Late first-time vaccine dose (prior to 24 months)

For subsequent analyses we required our initial population to also have an outpatient visit between 16 to 23 months of age prior to May 2024. For this population, we describe the children who received a measles vaccine late but prior to 24 months. We describe the overall rate of vaccination and compare to the CDC NIS-Child rates for children by 19 months.

Similar to the prior analysis, children were only counted once, and they were counted at the time of their 12 to 15 month visit. If a child had multiple visits in this range, they were counted at the last visit. The figure was truncated to only include data for children in the cohort that would have sufficient time to have a follow up.

For children who received a measles vaccine, we describe the distribution of ages at which children received their first vaccine each year.

 
 
Results

We included 685,604 children in the study.

First-time vaccination on schedule (prior to 15 months)

In 2024, the average yearly vaccination rate for children at 13 months was 58.9%. The rate of vaccination by 13 months increased from 61.9% in 2018 to 65.9% in 2020 before decreasing to 58.9% in 2024. The yearly unadjusted rates we observed are similar to the CDC NIS-Child results by 13 months (children born in 2021).

We also observe an additional 10.4% of children receive a first-time measles vaccine between 13 to 15 months across all years studied.

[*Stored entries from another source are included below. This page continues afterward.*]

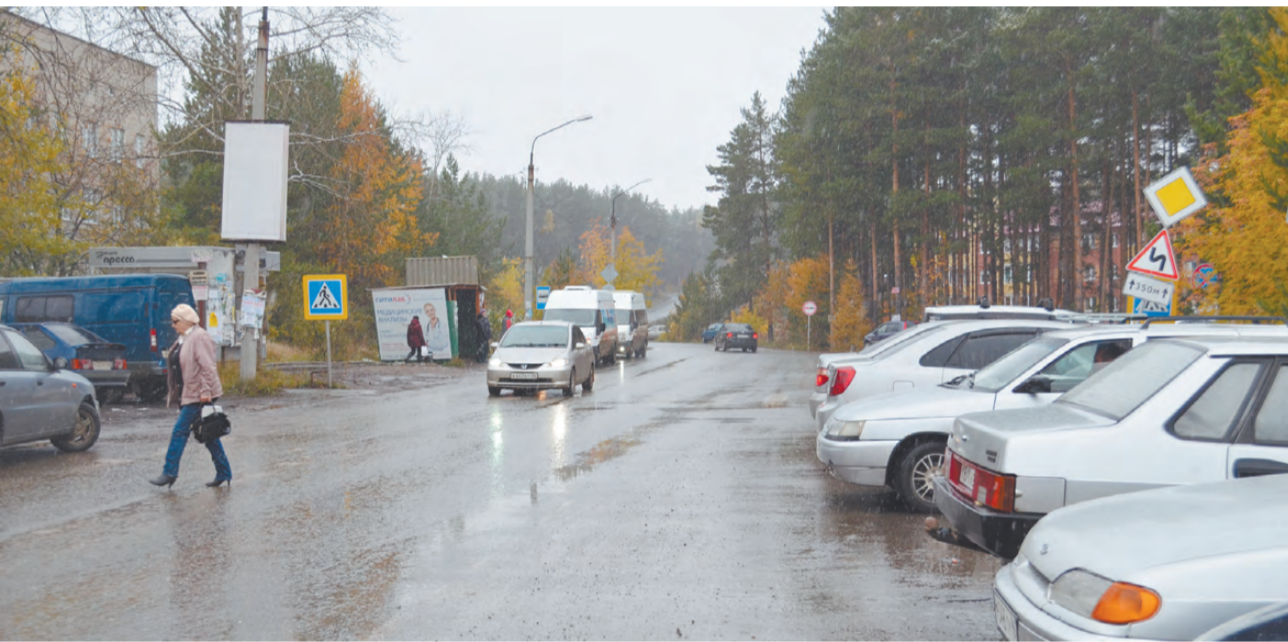
«Зебру» у ЦРБ опасно переходить и в светлое время. Выход на неё с одной стороны загораживает парковка автомобилей. Водители могут не успеть вовремя заметить появившегося из-за машин пешехода.

Отсутствие освещения на пешеходном переходе возле Режевской ЦРБ стало поводом для коллективного обращения к главе РГО, руководству ОГИБДД и в СМИ 60-ти работников дома-интерната. 4 октября в 19.55 сотрудницы интерната, выйдя в темноте на «зебру», чуть не попали под машину.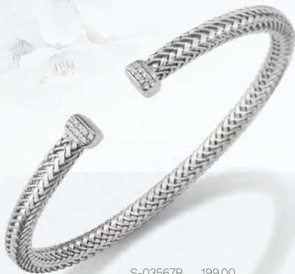
S-03567B 199,00 Armreif Zirkonia, rhd**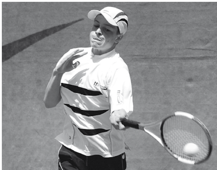
Snímky: Dušan BARUŠ (2), Tenis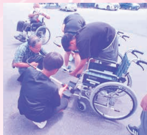
ボランティア体験講座の様子

会員の皆様からの会費を財源に、ボランティア・市民活動センターの運営や地区社協活動の支援など住民参加による福祉活動を推進し、みんなで支えあうまちづくりを目指しています。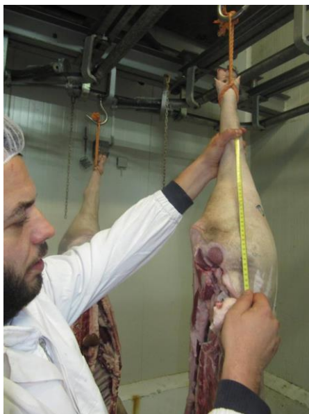
Slika 18. Mjerenje dužine buta

Metodom dvije točke mjerena je debljina leđne slanine na mjestu gdje m. gluteus medius najdublje prodire u slaninu (S). Debljina mišića određena je na mjestu gdje je najkraća udaljenost između kranijalnog završetka m. gluteus medius-a i dorzalnog spinalnog kanala.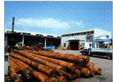
自社プレカット工場

Within these data, by 15 months, 68.5% of children in 2024 received at least one measles vaccine dose, which is still within the CDC recommended window. This rate has decreased almost 10 percentage points since the 2020 rate of 77.2%. These data complement the CDC reports and suggest that although most children receive a first-time vaccine prior to 13 months, a substantial number receive a first-time vaccine after, but still within the guidelines.

Children living in both rural and urban locations followed similar trends; however, across the study period on average 75.0% of children in urban areas received one measles vaccine by 15 months, compared to 65.5% of children in rural areas. This means for 20 children living in an urban environment, about 15 would have received a first-time vaccine by 15 months, while for 20 children living in a rural environment, only 13 would have received a first-time vaccine prior to 15 months.

Late first-time vaccine dose (prior to 24 months)

561,549 children were included in the subsequent analysis. The average annual rate of vaccination for children by 23 months increased from 90.2% in 2018 to 92.4% in 2020, before decreasing to 84.9% in 2024. This means that for every 100 children, almost eight fewer children received a first-time measles vaccine in 2024 compared to 2020. The yearly unadjusted rates we present are similar to CDC NIS-Child results at 19 months (through birth year 2021).